Tariff Policies Trigger Market Turmoil
On April 2, President Trump announced high tariffs on imports from multiple countries, with rates on some Chinese products reaching as high as 145%. This move triggered a sharp market reaction, with the S&P 500 index temporarily entering a bear market and recording the worst monthly decline since the COVID-19 pandemic in 2020. According to analysis by Fuh Hwa Securities Investment Trust, the U.S. and Taiwan stock markets fell 21% and 29% from their historical highs, respectively.
However, during the peak of market panic, retail investors went against the trend and entered the market. Bessent pointed out that these investors bought stocks when prices were low, in stark contrast to the massive withdrawals by hedge funds and professional traders at the same time.
Institutional Investors Concerned About Economic Recession
Unlike the steadfast attitude of retail investors, institutional investors have shown heightened alertness to Trump's trade policies. Torsten Slok, chief economist at Apollo Global Management, warned that with a significant reduction in U.S.-China trade volume, American store shelves might face supply shortages in the coming weeks, and the likelihood of an economic recession has risen to 90%. Jamie Dimon, CEO of JPMorgan Chase, stated that the best-case scenario might only be a "mild economic recession."
Additionally, companies like UPS have suspended financial forecasts due to "macroeconomic uncertainty," reflecting the business community's concerns about future economic trends.
Treasury Secretary: Uncertainty as a "Strategic Tool"
Bessent further stated at the press conference that President Trump deliberately creates "strategic uncertainty" in trade negotiations to secure more favorable terms. He said, "The level of uncertainty will decrease. We hope to achieve long-term tariff revenue and agreements."
He added that the U.S. is currently negotiating with at least 17 trade partners and is close to reaching an agreement with India, with negotiations also underway with South Korea and Japan. Bessent emphasized that these negotiations will help reposition the U.S. in global trade and reduce dependence on China.
Polls Show Divided Public Confidence
Despite the Treasury Secretary's emphasis on ordinary investors' trust in Trump, multiple polls show that Trump's economic policies are divisive among the public. According to a CNN survey, 59% of respondents believe Trump's policies have worsened the U.S. economy, while only 27% see improvement. Even a poll by conservative media Fox News shows Trump's overall approval rating at just 44%.
In swing states like Arizona, voters have expressed dissatisfaction with the inconsistency and uncertainty of tariff policies. Local fruit and vegetable importers noted that the frequent adjustments to tariff policies make it difficult for them to plan long-term, leading to supply constraints and price increases.

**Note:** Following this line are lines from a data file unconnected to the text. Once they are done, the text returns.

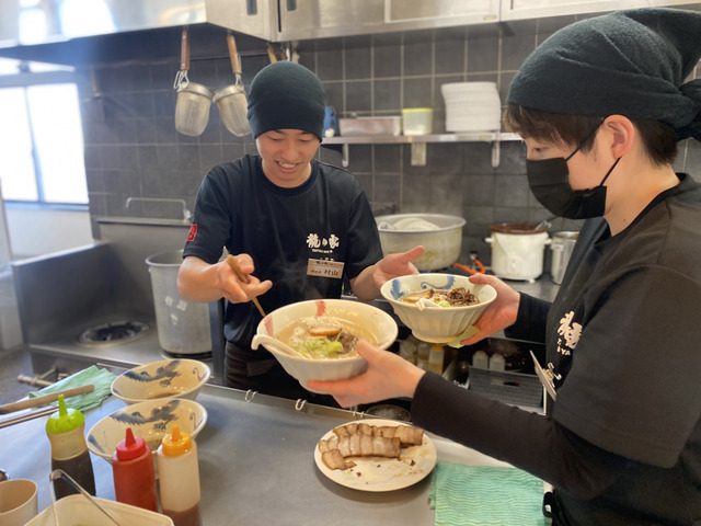 | 仕事内容 | 【大学生・専門学生・フリーター・主婦(夫)さん大歓迎!ラーメン店「龍の家」で一緒に働こう!】 \新メンバー大募集!一緒に始める仲間がたくさん♪/ *ラーメンが好きでも、そうじゃなくてもOK! * 初バイトも大歓迎!先輩がしっかりサポートします♪ * 週1日〜・1日3時間〜OK!学校やサークルと両立できます◎ * 平日の授業終わり・土日だけなど、シフトの融通バツグン * 嬉しい食事補助あり!スタッフ特別価格でラーメンを食べられます この求人を見てくださっている方には、 ラーメン龍の家のことを 「知ってる!食べたことある!」 「お店は知っているけどまだ食べたことないなぁ」 「いや、店名も初耳で...」 このような方もたくさんいらっしゃると思います。 ですが龍の家を知っている方も、そうではないという方も大歓迎です! 遠慮せずにご応募ください^^ ラーメン龍の家は、 本気でこだわる“とんこつラーメン”をご提供しており、 毎日じっくり炊き上げる濃厚とんこつスープが自慢です! 「本当においしいラーメンを届けたい」という想いで、味にもサービスにも妥協はしません! ー 楽しく働きながら、人としても成長できる ー それがラーメン龍の家です! 《ホールのお仕事内容》 ・お客様の案内、お冷やご提供 ・ラーメンの配膳 ・テーブル清掃 ・割りばしや辛もやし、紅ショウガ、高菜などのトッピングの補充 ・お会計 ・ビールや飲料の用意 ・仕込みの手伝いやお皿洗いなどキッチン業務のサポート ◆入社後は! まずは、元気に「いらっしゃいませ!」と言えれば大丈夫です! その後、一緒に働くスタッフとコミュニケーションを取りながら、お店の雰囲気に慣れていただいたら、今度は先輩と一緒に接客の仕方やラーメンの配膳の仕方などを学びましょう。 難しい業務はありませんので、ホールや接客が未経験の方でも1週間ほどで基本的な業務には慣れることができるかと思います。 また、先輩スタッフもすぐフォローができるよう体制を整えていますので、ご安心ください! |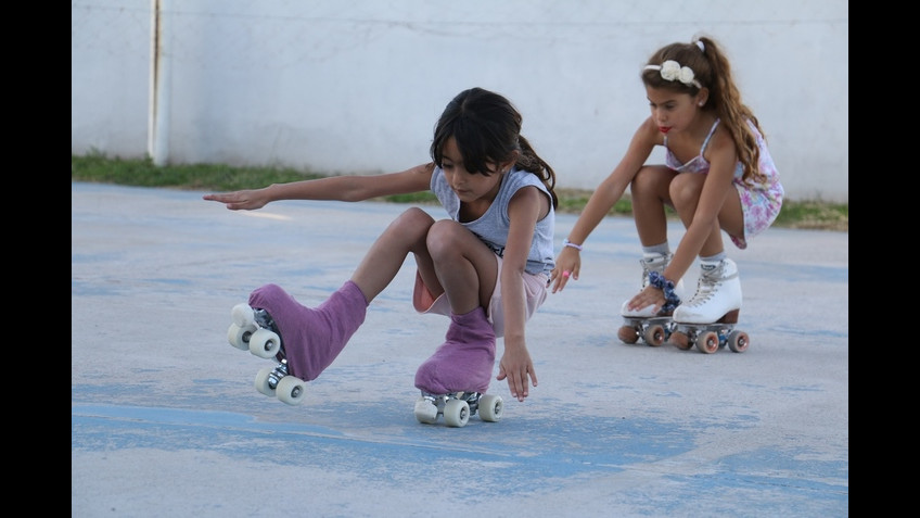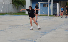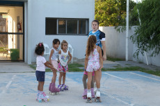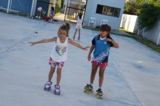 La docente brinda las indicaciones necesarias para ir mejorando la actividad del patín sobre ruedas en la pista promoviendo desde los primeros pasos hasta movimientos más estilizados.
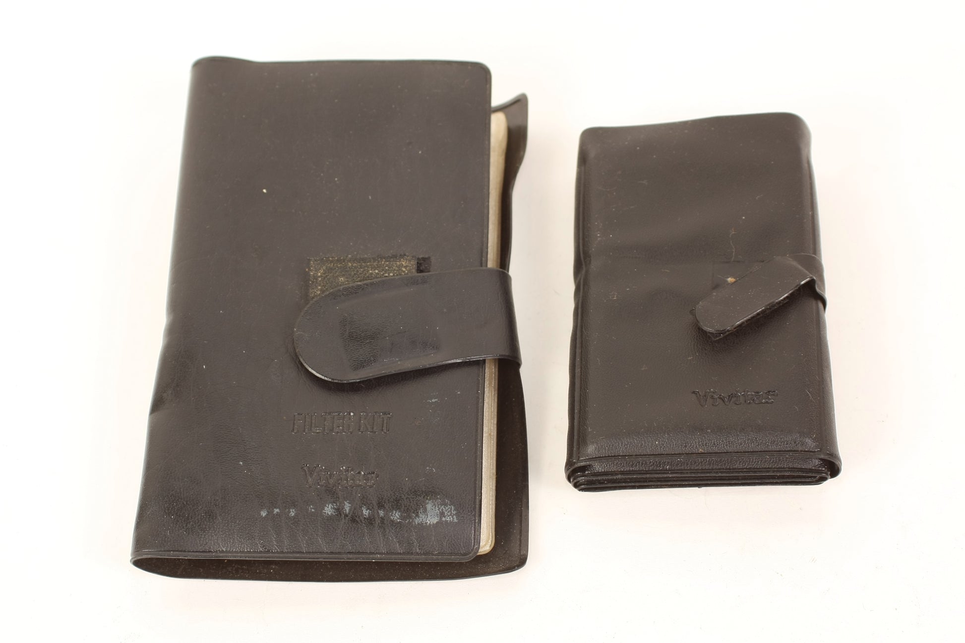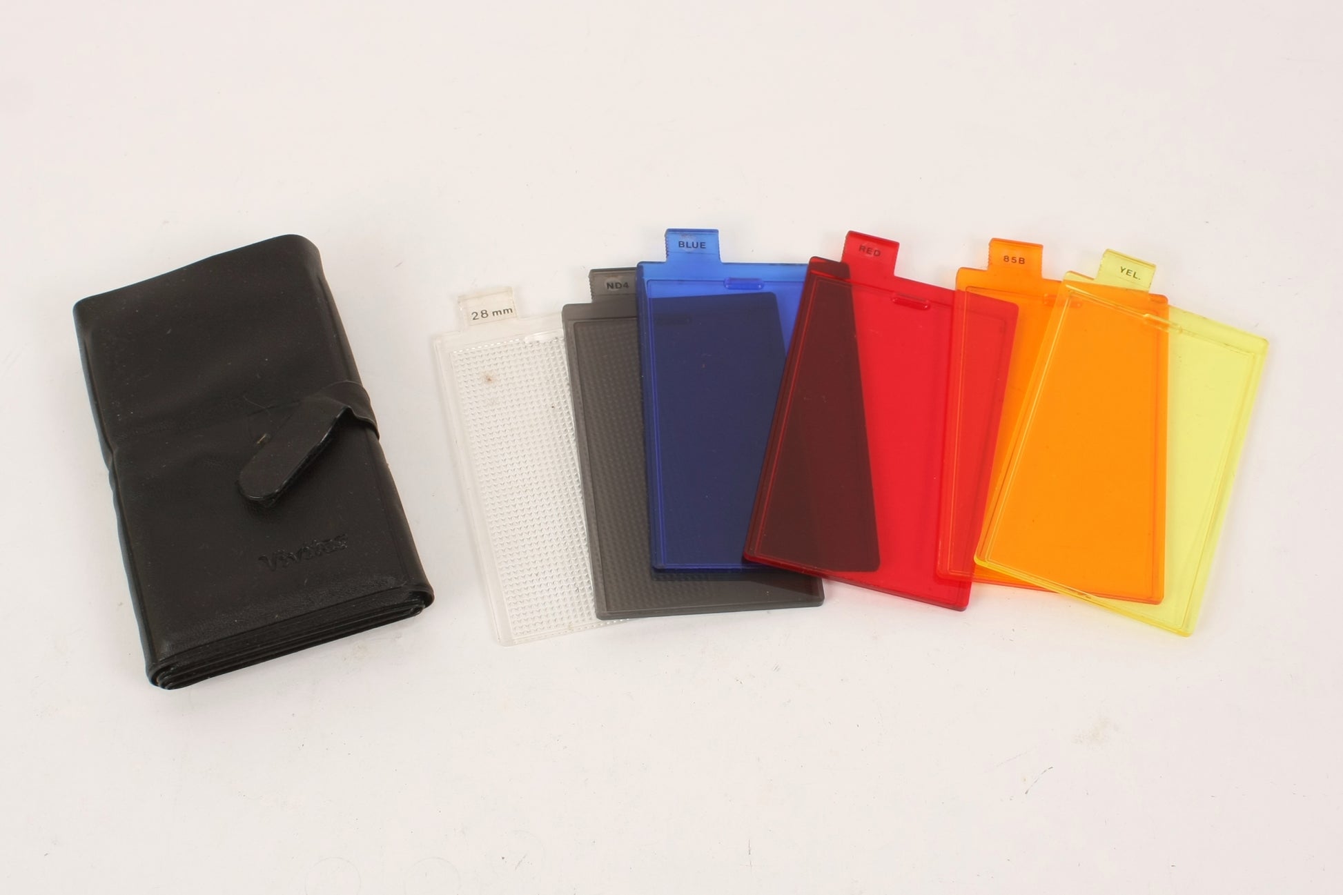 VIVITAR FLASH FILTER KIT FOR MODEL 283 (RED, BLUE, YELLOW, UV, ND4, 85B): SIZE 2 1/4 X 4 1/4 INCHES. THE CASE MEASURES APPROXIMATELY 3 1/2 X 5 3/8 INCHES.

Market Reaction and Future Observations
Although the Trump administration has attempted to stabilize market sentiment by adjusting auto tariffs and promoting multilateral trade agreements, the market's response to its policies remains cautious. According to a report by Anue, JPMorgan analysts noted that while the market has recently rebounded, the negative impact of the trade war on the real economy may become apparent in the next 1 to 2 months.
Meanwhile, some market observers have pointed out that Trump's statements are losing their impact on the market. According to a report by United Daily News, investors are gradually becoming immune to Trump's "statements," and the market is more focused on the Federal Reserve's policy direction rather than the president's immediate remarks.